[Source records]
=== Begin Enclosure ===
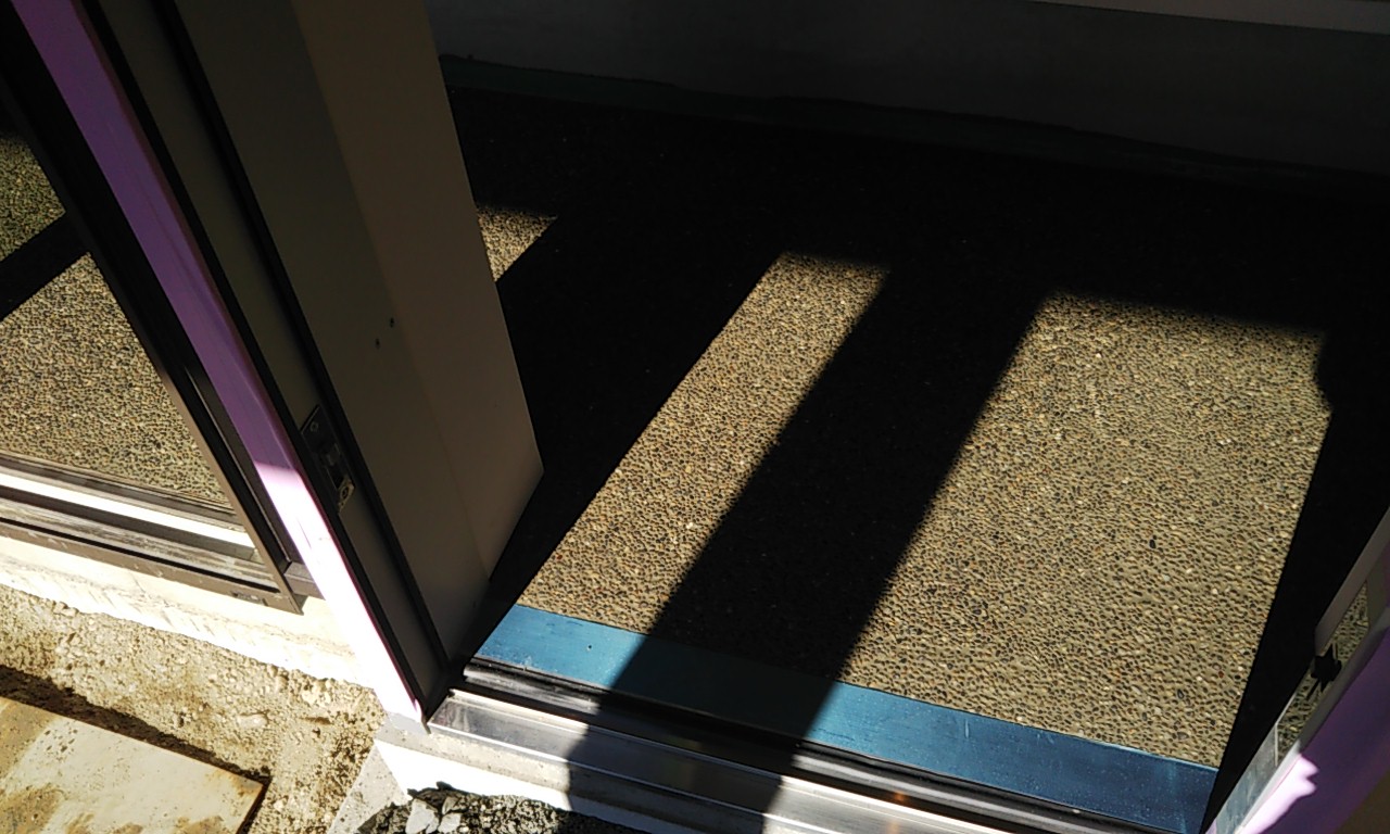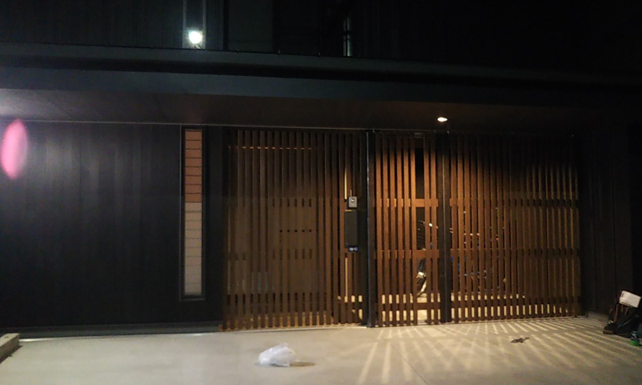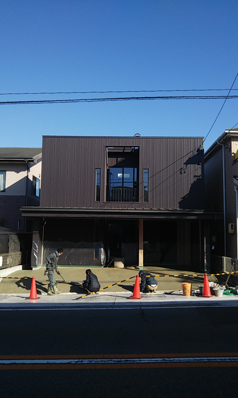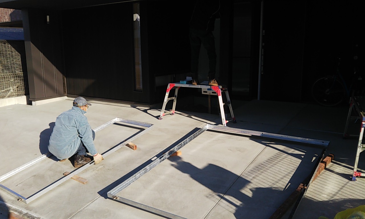 アプローチ部分に取り付けるゲート引き戸の枠を鉄骨で作成し、鉄工屋さんに取り付けてもらいました。鉄骨を溶接で組んで、亜鉛メッキ加工(通称『ドブ漬け』)を施したものです。普段木造住宅で木材ばかり扱っていますと、いざという時に鉄材を使った仕様は未知の事が多く、四苦八苦しましたが、何とか取り付けまでは完了しました。木材と違い、なかなか精密に作成する事が難しいものです。
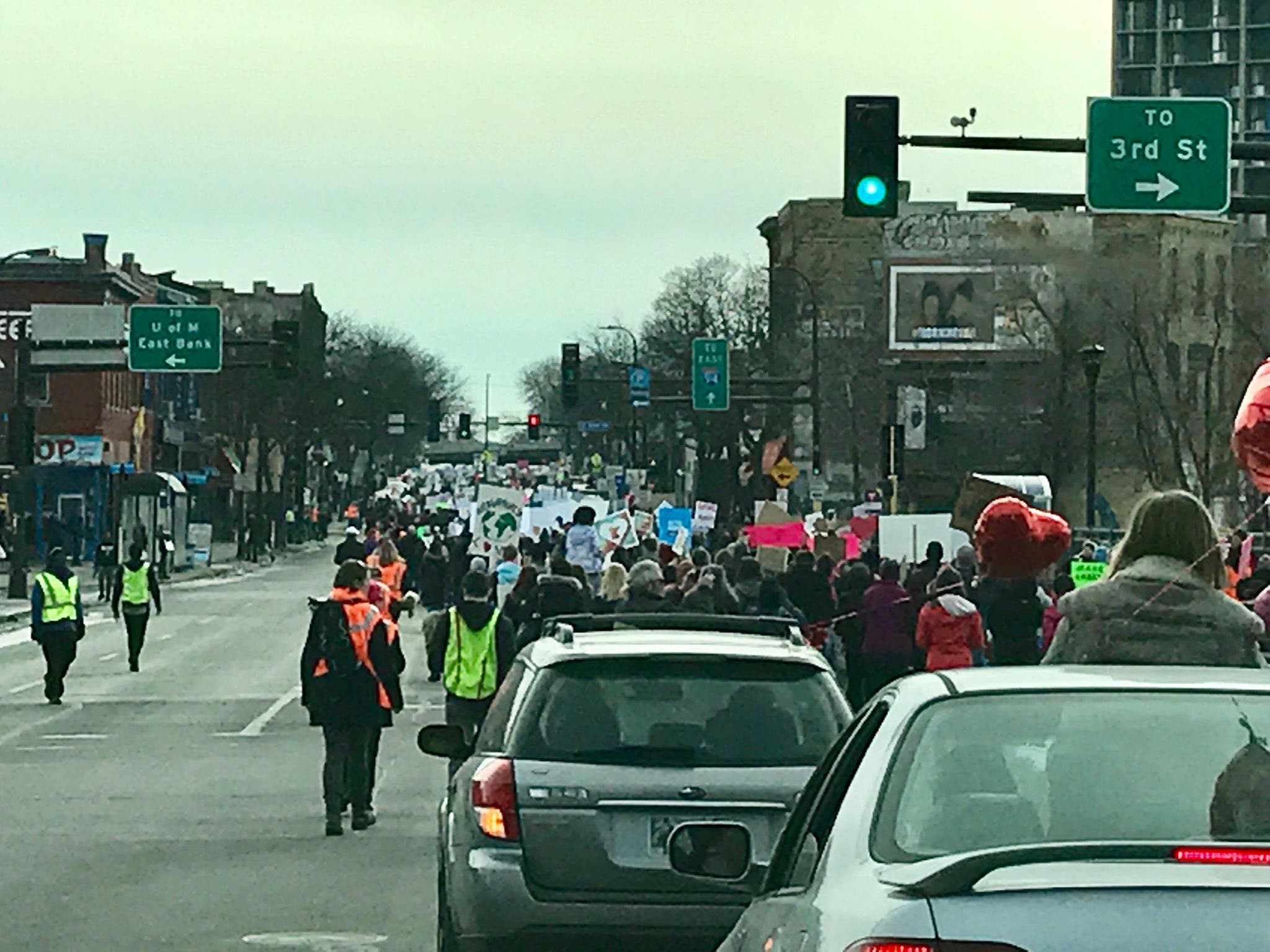 A protest group of about 2000 people demonstrating in support of immigrants and refugees began marching in Minneapolis Saturday afternoon.
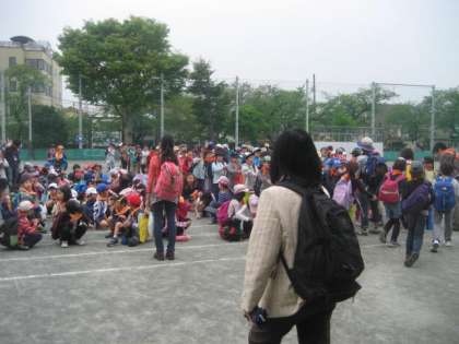 学校へ着いて、今日の遠足のことを確認し、それぞれの学級に
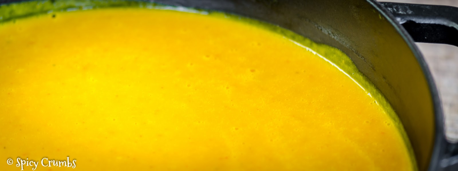 Do velkého hrnce dejte zesklovatět cibuli na olej. Přidejte pyré z dýně, bobkový list a zalijte vývarem, povařte asi 10 minut. Přilijte kokosové mléko, krátce povařte a osolte, opepřete podle chuti, záleží i na tom, jestli jste měli slaný vývar. Pak polévku odstavte a nechte mírně zchladnout. Vylovte bobkový list a rozmixujte na hladký krém buď v mixéru, nebo tyčovým mixérem v hrnci. Podle potřeby možná budete muset přilít vývar nebo vodu k dosažení požadované konzistence.
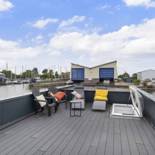 Woudsend, Países BajosWoudsend a 13 km de Sneek: Casa flotante muy moderna, confortable, lujosa del año 2023. A 400 m del centro de Woudsend, lugar tranquilo, soleado, a orillas del lago. Lancha motora. Zona de aparcamiento céntrica. Estación de carga eléctrica. Tienda, supermercado 400 m, restaurante 300 m, parada de autobús 700 m. Campo de golf 10 km, escuela de vela 400 m, tenis 1.5 km, centro ecuestre 6.6 km, pista de hielo 30 km. Atracciones en los alrededores: Heeg 9 km, Sloten 10 km, Balk 10 km, Museum Joure (Douwe Egberts) 19 km, Sneek 13 m. Lagos conocidos fácilmente accesibles: Friese Meren 2 km. A tener en cuenta: pesca permitida [con previa autorización]. Se pueden reservar alojamientos adicionales. "Harboursuite incl. Boot", casa 3 estancias 42 m2. Con mobiliario confortable: salón. Salida al balcón. 1 dorm. con 1 x 2 literas. 1 dorm. con 1 cama doble. Cocina abierta (4 fogones, horno, lavavajillas, microondas, congelador) con mesa de comedor. Ducha/WC. Calefacción. Balcón 8 m2, terraza 30 m2. Muebles de terraza, tumbonas (2), rincón para sentarse. Vista panorámica al río. El alojamiento dispone de: secador de pelo. Internet (Wifi, gratis). Plaza de aparcamiento. A tener en cuenta: detector de humo.
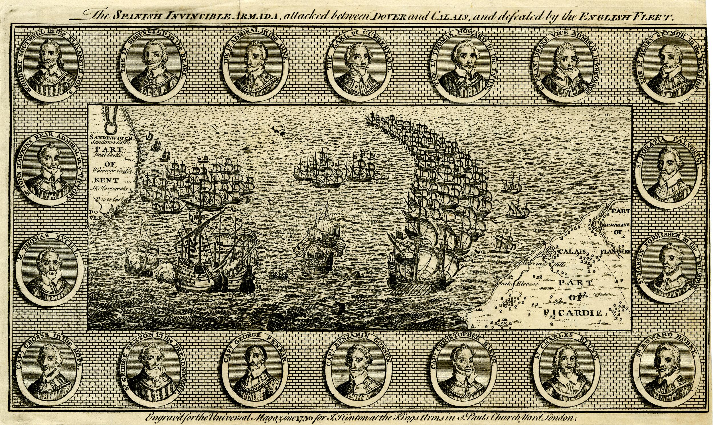 Engraving of the Spanish Armada sighted off the French coast being attacked by the English fleet. The central image is surrounded by 18 portrait medallions of the English admirals and captains.
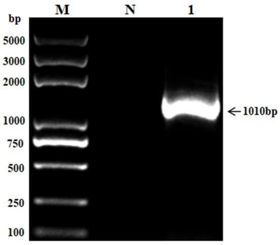 The amplified PCR products were subjected to 1.5% agarose gel electrophoresis to obtain the target gene band of expected size (1000–2000 bp) (Figure 2). The obtained 16S rRNA gene sequence from the M. morganii strain isolated from a rhesus monkey was determined to be 1010 bp in length.
=== End Enclosure ===
-- Directions --
Your answer must be a verbatim copy of the entries above, with no images included.

-- Written solution --
 アプローチ部分に取り付けるゲート引き戸の枠を鉄骨で作成し、鉄工屋さんに取り付けてもらいました。鉄骨を溶接で組んで、亜鉛メッキ加工(通称『ドブ漬け』)を施したものです。普段木造住宅で木材ばかり扱っていますと、いざという時に鉄材を使った仕様は未知の事が多く、四苦八苦しましたが、何とか取り付けまでは完了しました。木材と違い、なかなか精密に作成する事が難しいものです。
 A protest group of about 2000 people demonstrating in support of immigrants and refugees began marching in Minneapolis Saturday afternoon.
 学校へ着いて、今日の遠足のことを確認し、それぞれの学級に
 Do velkého hrnce dejte zesklovatět cibuli na olej. Přidejte pyré z dýně, bobkový list a zalijte vývarem, povařte asi 10 minut. Přilijte kokosové mléko, krátce povařte a osolte, opepřete podle chuti, záleží i na tom, jestli jste měli slaný vývar. Pak polévku odstavte a nechte mírně zchladnout. Vylovte bobkový list a rozmixujte na hladký krém buď v mixéru, nebo tyčovým mixérem v hrnci. Podle potřeby možná budete muset přilít vývar nebo vodu k dosažení požadované konzistence.
 Woudsend, Países BajosWoudsend a 13 km de Sneek: Casa flotante muy moderna, confortable, lujosa del año 2023. A 400 m del centro de Woudsend, lugar tranquilo, soleado, a orillas del lago. Lancha motora. Zona de aparcamiento céntrica. Estación de carga eléctrica. Tienda, supermercado 400 m, restaurante 300 m, parada de autobús 700 m. Campo de golf 10 km, escuela de vela 400 m, tenis 1.5 km, centro ecuestre 6.6 km, pista de hielo 30 km. Atracciones en los alrededores: Heeg 9 km, Sloten 10 km, Balk 10 km, Museum Joure (Douwe Egberts) 19 km, Sneek 13 m. Lagos conocidos fácilmente accesibles: Friese Meren 2 km. A tener en cuenta: pesca permitida [con previa autorización]. Se pueden reservar alojamientos adicionales. "Harboursuite incl. Boot", casa 3 estancias 42 m2. Con mobiliario confortable: salón. Salida al balcón. 1 dorm. con 1 x 2 literas. 1 dorm. con 1 cama doble. Cocina abierta (4 fogones, horno, lavavajillas, microondas, congelador) con mesa de comedor. Ducha/WC. Calefacción. Balcón 8 m2, terraza 30 m2. Muebles de terraza, tumbonas (2), rincón para sentarse. Vista panorámica al río. El alojamiento dispone de: secador de pelo. Internet (Wifi, gratis). Plaza de aparcamiento. A tener en cuenta: detector de humo.
 Engraving of the Spanish Armada sighted off the French coast being attacked by the English fleet. The central image is surrounded by 18 portrait medallions of the English admirals and captains.
 The amplified PCR products were subjected to 1.5% agarose gel electrophoresis to obtain the target gene band of expected size (1000–2000 bp) (Figure 2). The obtained 16S rRNA gene sequence from the M. morganii strain isolated from a rhesus monkey was determined to be 1010 bp in length.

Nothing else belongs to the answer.